I got labels working via an OQ_UI2DLabel instance. But, it only faces one direction, and doesn't move around. I tried placing it as a child of the controller (works great in the VR simulator), camera, origin, etc. but it simply stays in place.

To be clear, I would like it to always be on-screen and facing the camera, like any other HUD element. In 2D, I could achieve this with a CanvasLayer and a label sub-control.

I figured out a hack of sorts. You can put OQ_UILabel2D nodes under the camera node, albeit you need to set a proper Z translation, like -0.5. It's ugly, but it works. Is there a better/preferred way?

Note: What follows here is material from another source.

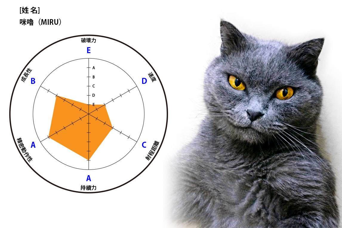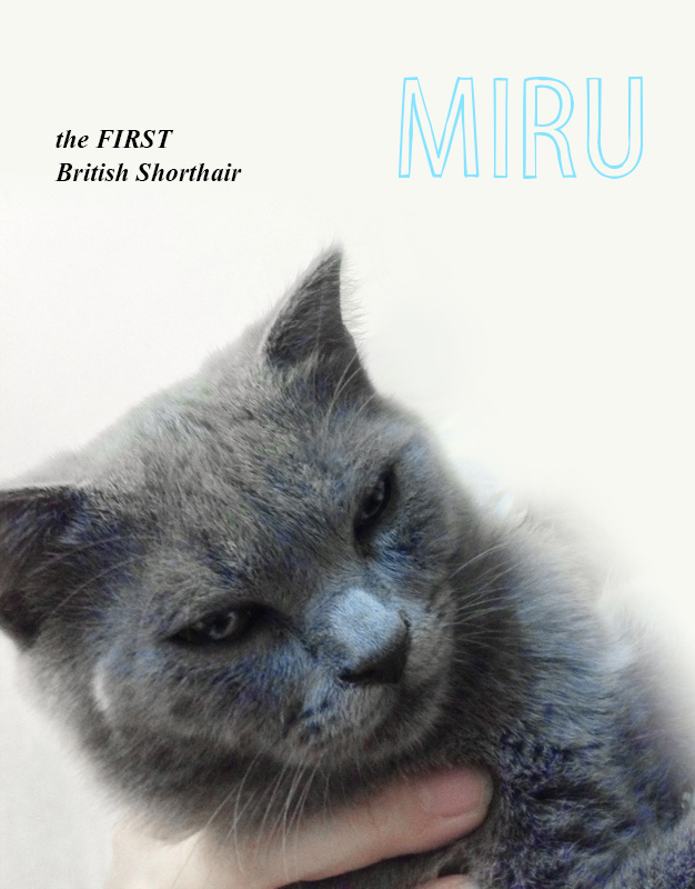 咪嚕(MIRU),性別:公,2013 年 5 月 6 日生,金牛座,有摺耳基因的英國短毛貓,黃眼,灰色毛色,俗稱:藍貓。他來自高雄的一間寵物美容店,由店長飼養的同品種貓隻後代選來,那天南下只是想看看對方提供的藍貓,卻沒想到對方已經在車站把 "東西" 都備妥了,貓和籃子以及牠吃的飼料和貓砂......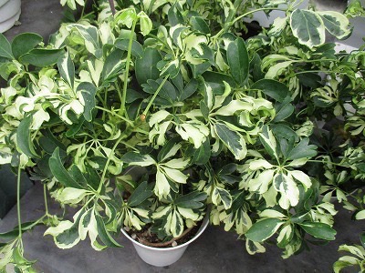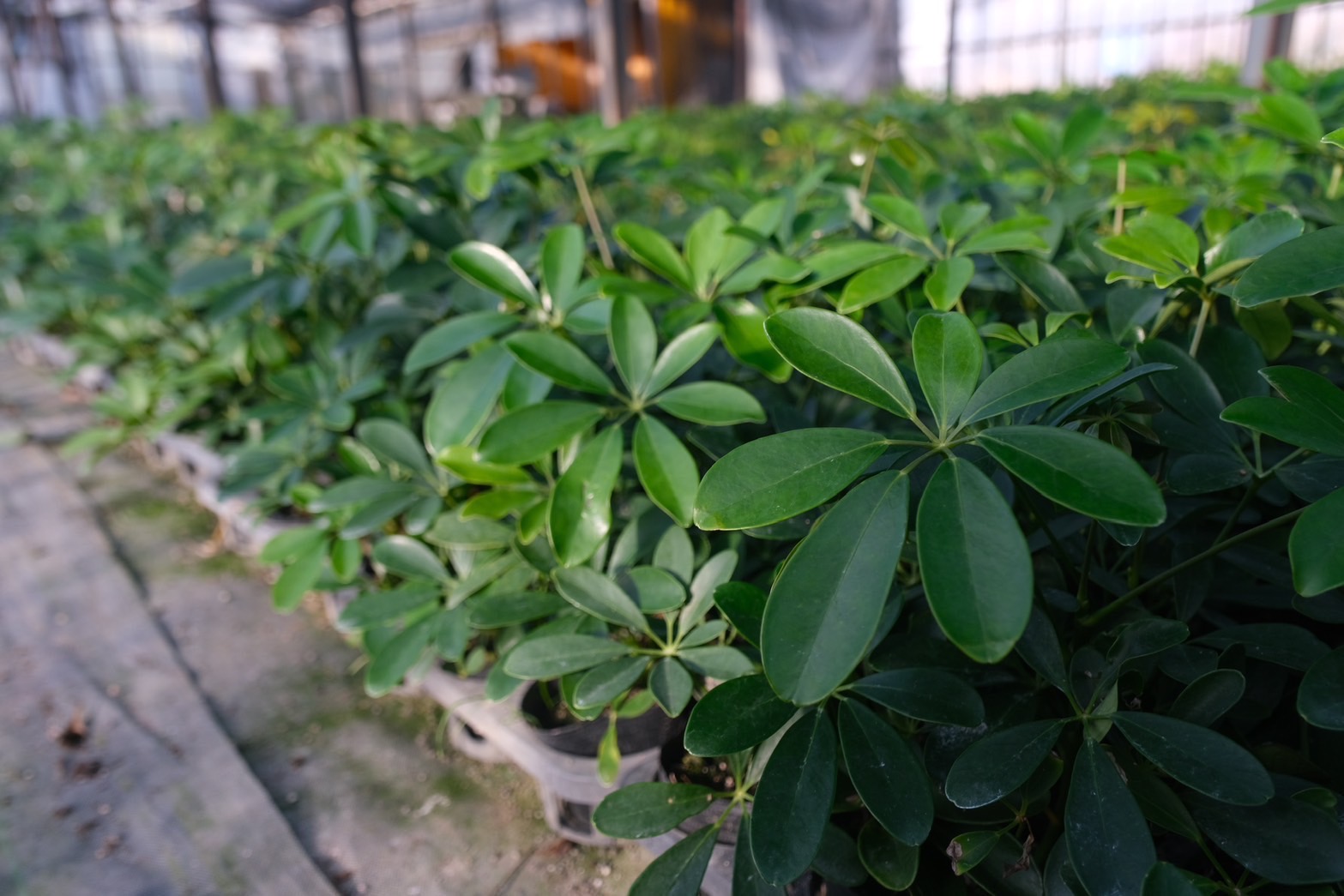 シェフレラの生産は、12~1月に親株から枝を採り、挿し木をします。挿し木で発根した苗は5月頃にポットに植えられ、十分育った苗は9月頃から出荷用の鉢に植え替えられて冬から出荷されます。

I think what you describe is a good solution in VR and not ugly :-).
I can't think of a better way right now that would not be technically equivalent to the UILabel2D. And you want to have verything a real object in 3D space to have it rendered correct for both eyes.

Hmm. Maybe it's just me (new to 3D games as well as XR), but the solution is not immediately obvious; not only that you can't use a regular Label, but that it lives in 3D space instead of screen-space by default.

I don't know much about Godot's internals. It seems to me that the XR camera node you provided in the toolkit, renders to a viewport. Shouldn't it be possible to, say, add a CanvasLayer to that, and then add controls in "screen space" as usual?

The current process takes a lot of manual tweaking/iteration to get things to appear correctly (very painful to make a non-trivial HUD), not sure if it might be affected by lighting, environment, etc. nodes - which would be unexpected.

The problem with VR is that you need to render a separate image for each eye; these two images are different to keep up the illusion of a 3d scene. If this is not correct you will confuse the brain and induce sickness very quickly. So a simple 2d canvas will not work well.
But I agree that it is not easy to setup; and usally also very application specific to have a UI; most VR games and applications that I remeber did not use static huds but tried to add elements either into the world (like a menu screen that you can walk to) or make elements appear when you look at your wrist for example.

Makes sense. There's probably nothing more to do here, then. Thanks for the input.